Long-term testing is ongoing for a material that is already cleared in Europe for 3D-printed long-term TEMPORARY  crowns and bridges.  Named Temporis, the material was developed by Italian stereolithography pioneer DWS Systems. DWS delivers advanced photopolymer additive manufacturing systems, materials, and digital tools. 

We sat down with Avi  Reichenthal, vice chairman of DWS and vice chairman of Techniplas. DWS is developing its entire portfolio of 3D printing products within Techniplas' Open Innovation Center in Ventura, California. 


DPS: For years, research efforts have been focused on finding a material suitable for creating permanent fixed dental restorations using additive technology. Is Temporis the first? Is it currently the only one?

AR: Temporis is currently cleared only as a long-term temporary restoration material in Europe, simply because we haven’t had sufficient time to complete long term, life cycle testing. Notwithstanding that, early indications from independent third-party tests suggest that Temporis exhibits all the desired mechanical performance for permanent restorations. 

DPS: Can you talk about some of the features and properties of Temporis? Biocompatibility? Strength and durability? Esthetics? Can it be customized and characterized via staining or other methods?

AR: Temporis® is a Class IIa biocompatible material suitable for the production of dental restorations and prosthetics. Thanks to DWS’s unique Photoshade technology, the new chairside DFAB® 3D printer can fully personalize restorations by adjusting the color gradient and shading to match each person.

DPS: Like CAD/CAM has evolved, do you envision an in-practice workflow (sidestepping the lab) for 3d printing permanent restorations? Is that something DWS is looking at?

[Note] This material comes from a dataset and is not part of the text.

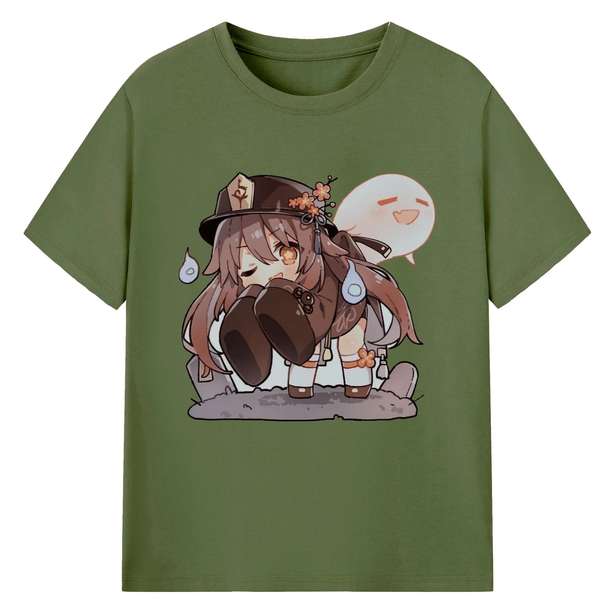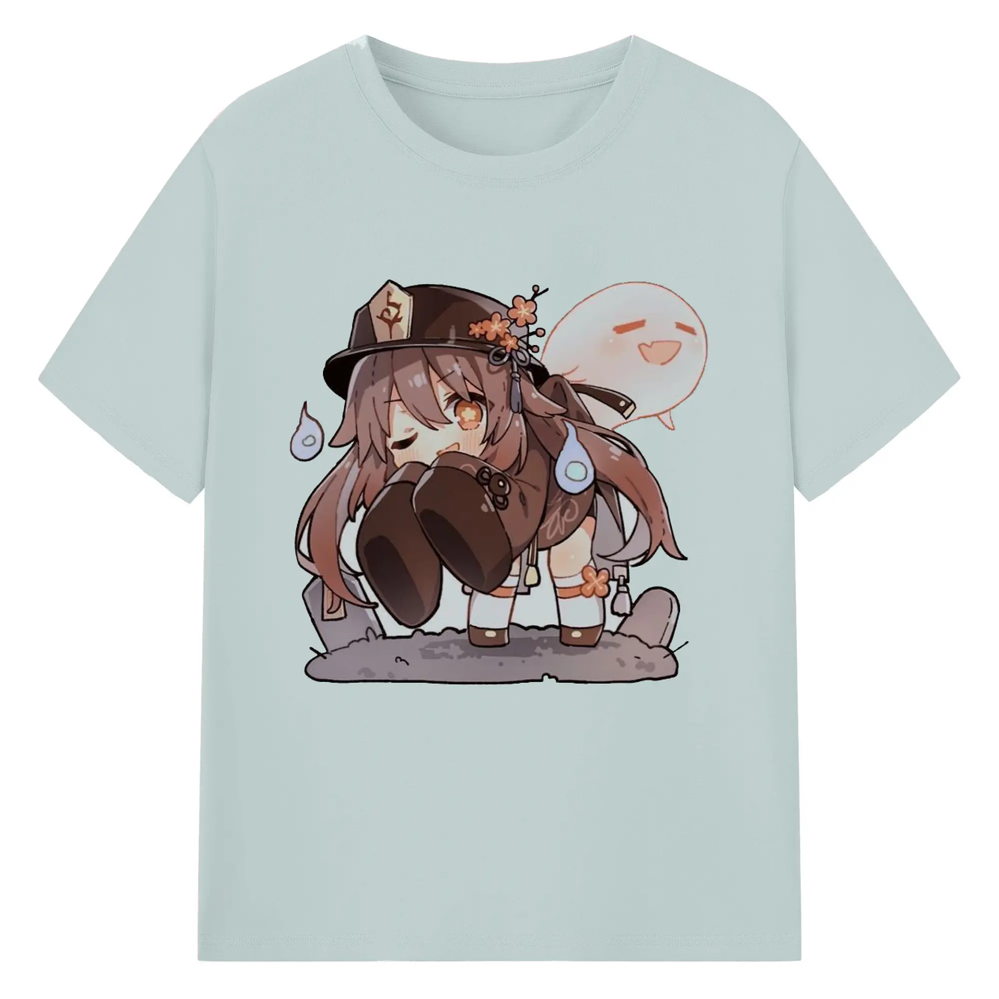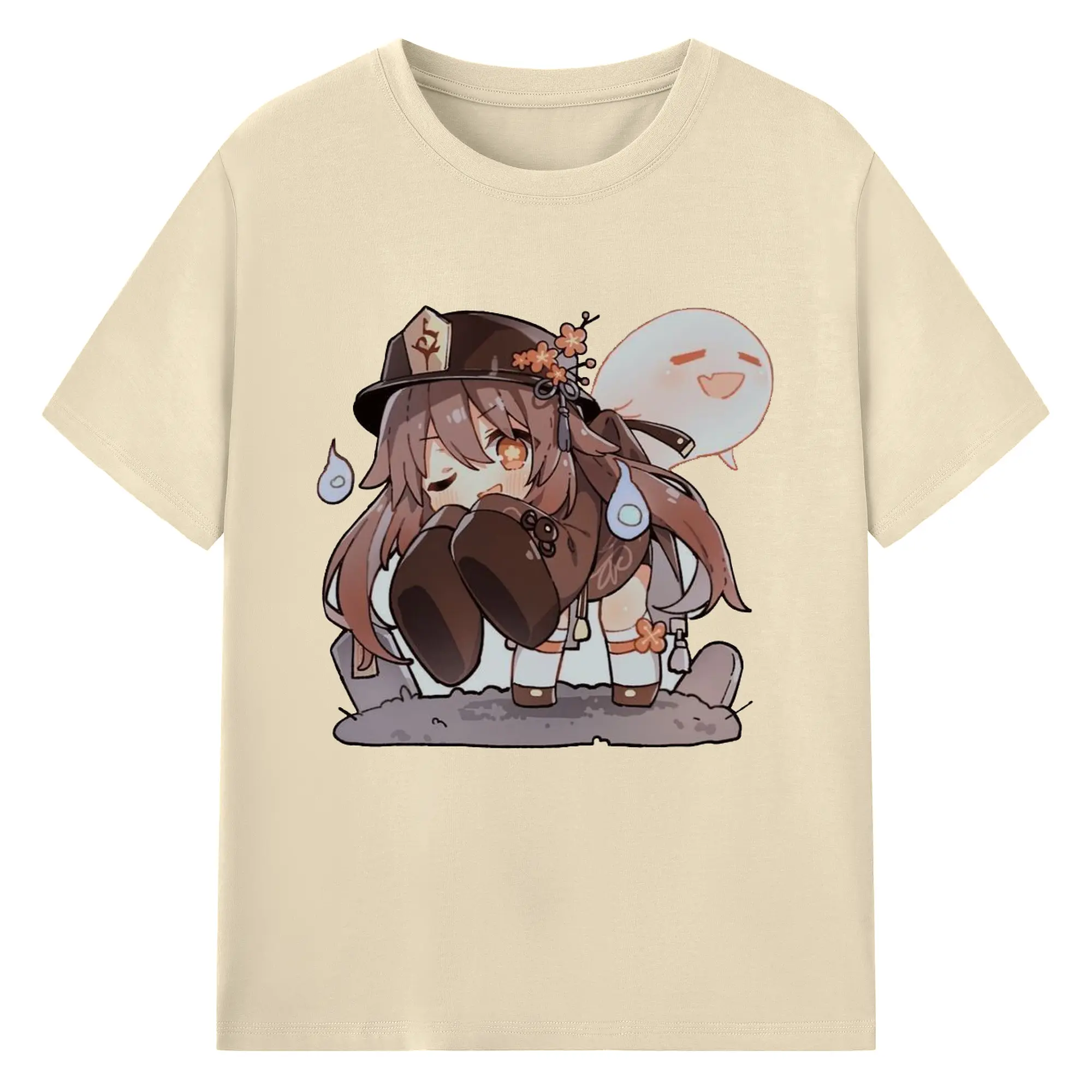 Genshin リーユエ リーユエ フータオ の幽霊 - 綿100% 半袖Tシャツ ・ フロントプリント ・ 快適 通気性 ・ 日常使い 散歩 スポーツ用

AR: DWS Systems thinks that the lab will migrate more and more to the dentist office. Like many elements of our lives, the dentist’s office is being digitized. Already we see many dentists using chair-side scanners and in-clinic milling machines. DWS is betting on the digitization of both dental labs and clinics and providing suitable solutions for both. We are cheering for the digital transformation of both labs and clinics without choosing one side over the other. 

DPS: Are DWS printers open architecture? Are they compatible with existing capture and design software now used in dentistry?

AR: DWS Systems printers are input source agnostic and can readily receive digital work flow from all scanners, capture devices, and CAD design software now used in dentistry. To ensure quality compliance, only designated printing materials must be used with DWS machines.